┌─ Given information

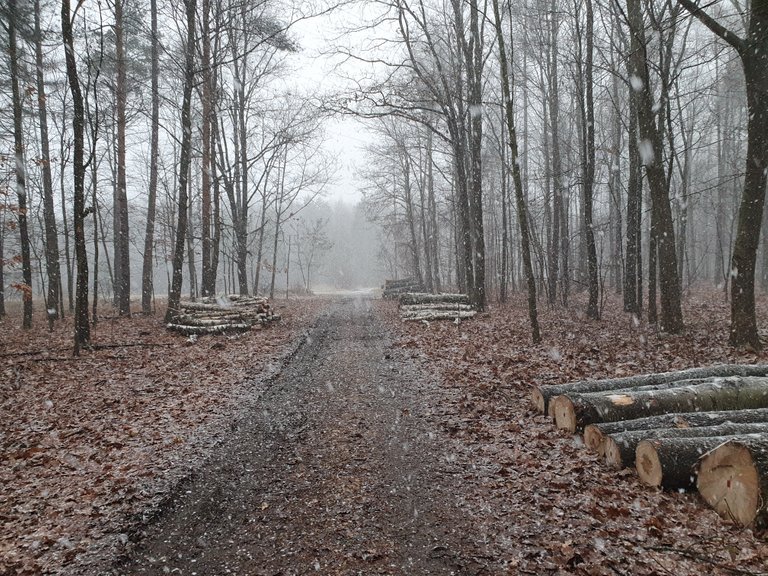 W lesie nikt liści na szczęście nie grabi, i mimo, że było chłodniej niż ostatnio, to bardzo endżojowałem spacer. W pewnym momencie, z nieba zaczęły nawet sypać się wielki płaty śniegu. Krajobraz zabielił się błyskawicznie.
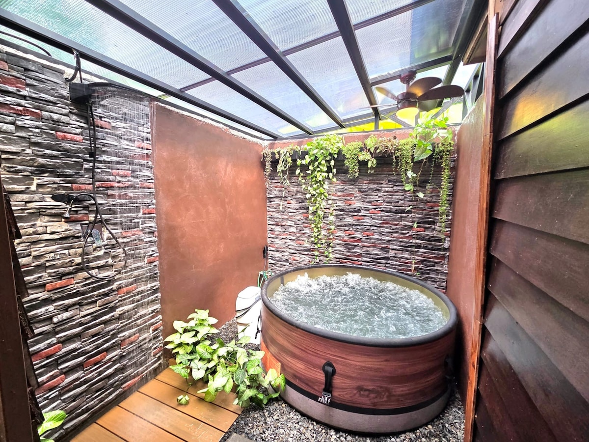 Arenal Love Cabin, ¡tu retiro romántico perfecto! Disfruta de impresionantes vistas del volcán Arenal y el lago mientras te sumerges en el jacuzzi privado, una experiencia verdaderamente inolvidable. En el interior, encontrarás una cómoda cama tamaño king, una acogedora zona de estar, aire acondicionado, TV inteligente y mantente conectado con buen wifi. El baño privado cuenta con ducha caliente y el área de cocina está equipada con mininevera, cafetera, licuadora, microondas y sartén eléctrica. ¡Crea hermosos recuerdos en esta encantadora escapada!
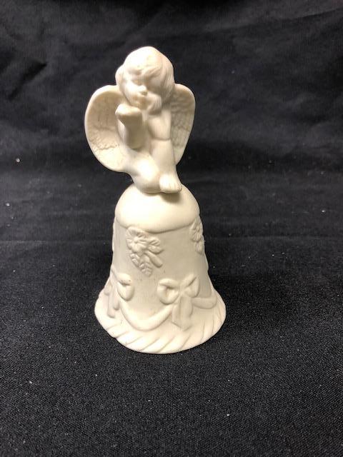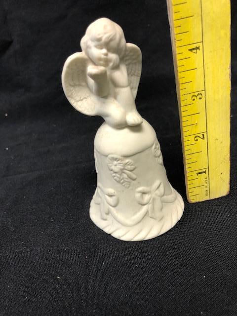 Cute Cherub Bell. White porcelain. Under 5" tall.
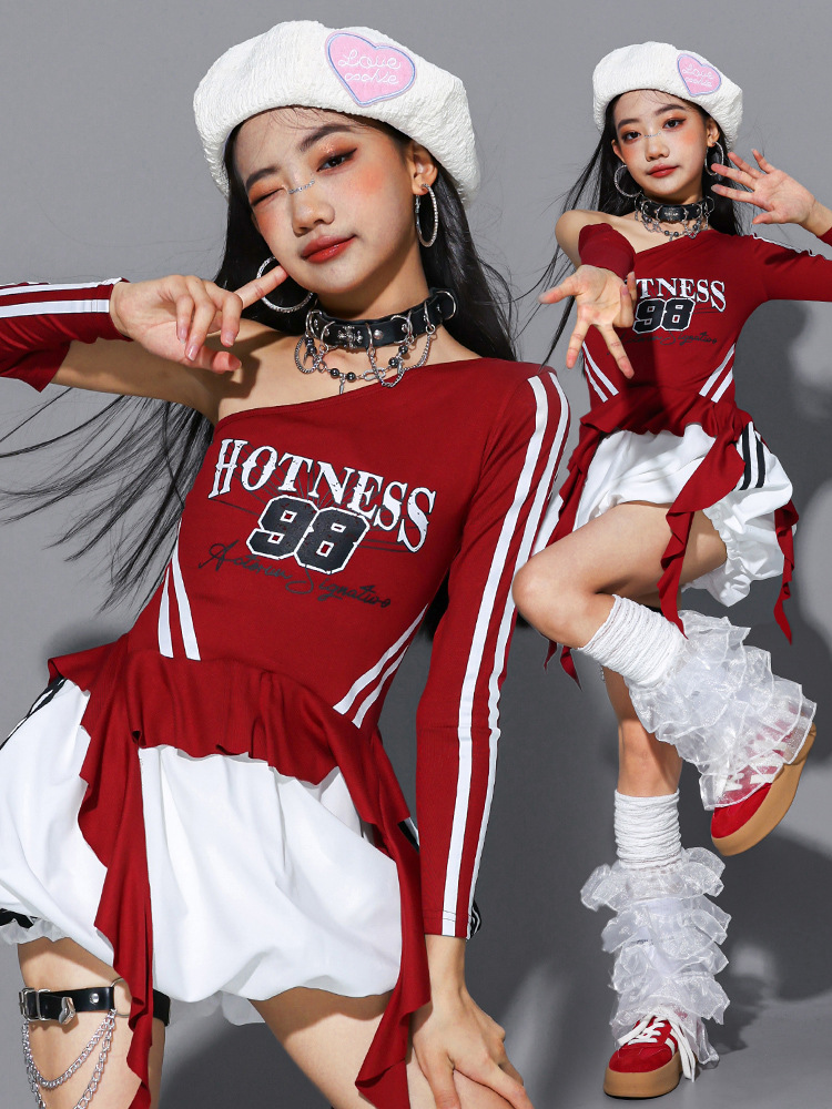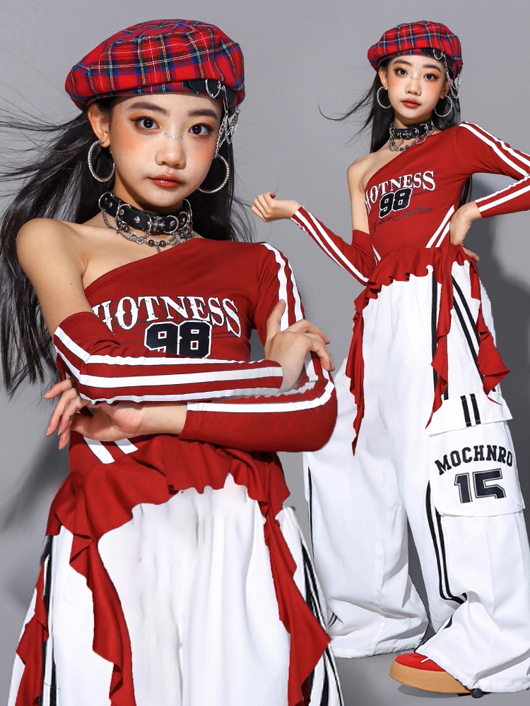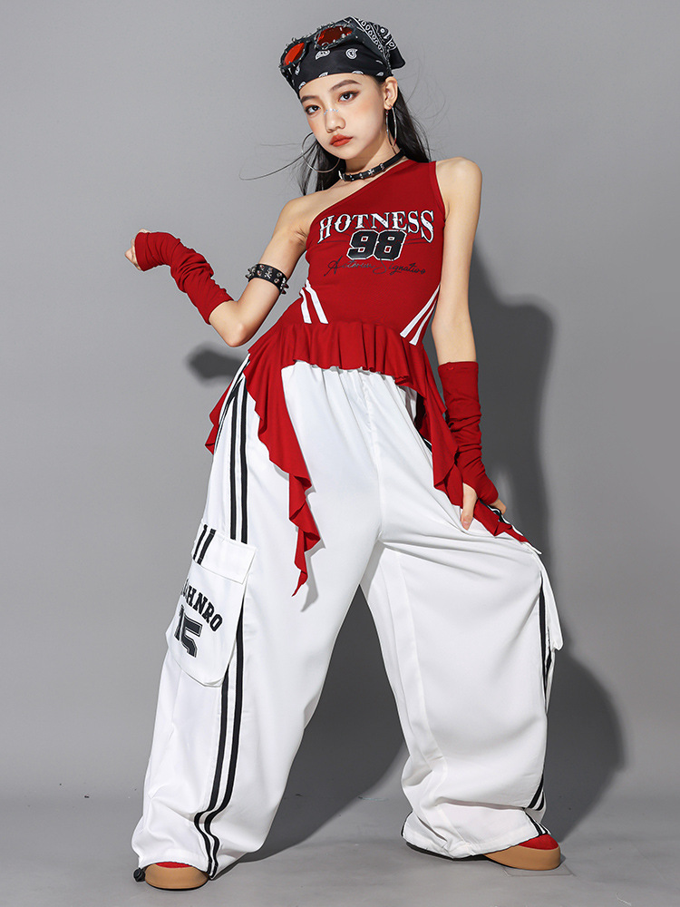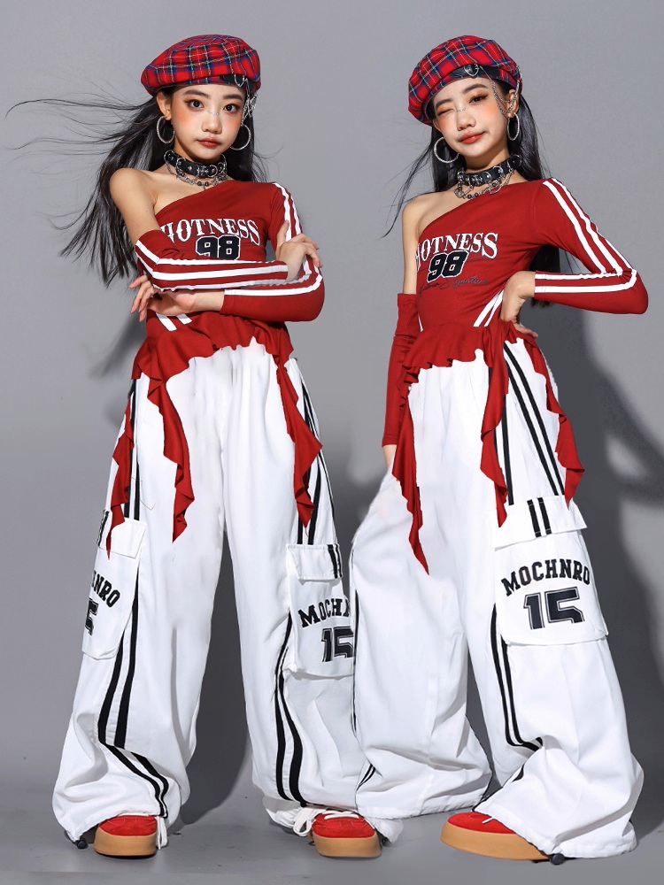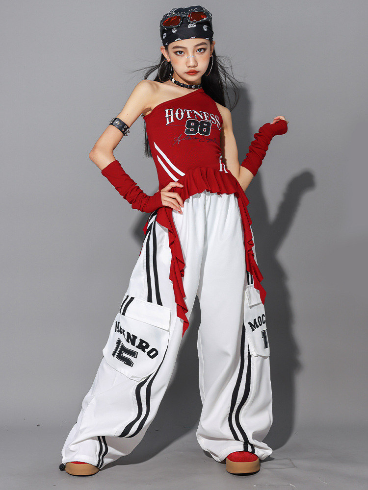 ガールズ ヒップホップ 衣装 赤 白 K-POP 韓国 チアダンス 子供ダンス服 ダンスウェア 子供ダンス服 へそ出し トップス パンツ スカート

└─

* Task instructions
The listing should be transcribed exactly. No picture is to appear in the transcription.

* Answer to this task
 W lesie nikt liści na szczęście nie grabi, i mimo, że było chłodniej niż ostatnio, to bardzo endżojowałem spacer. W pewnym momencie, z nieba zaczęły nawet sypać się wielki płaty śniegu. Krajobraz zabielił się błyskawicznie.
 Arenal Love Cabin, ¡tu retiro romántico perfecto! Disfruta de impresionantes vistas del volcán Arenal y el lago mientras te sumerges en el jacuzzi privado, una experiencia verdaderamente inolvidable. En el interior, encontrarás una cómoda cama tamaño king, una acogedora zona de estar, aire acondicionado, TV inteligente y mantente conectado con buen wifi. El baño privado cuenta con ducha caliente y el área de cocina está equipada con mininevera, cafetera, licuadora, microondas y sartén eléctrica. ¡Crea hermosos recuerdos en esta encantadora escapada!
 Cute Cherub Bell. White porcelain. Under 5" tall.
 ガールズ ヒップホップ 衣装 赤 白 K-POP 韓国 チアダンス 子供ダンス服 ダンスウェア 子供ダンス服 へそ出し トップス パンツ スカート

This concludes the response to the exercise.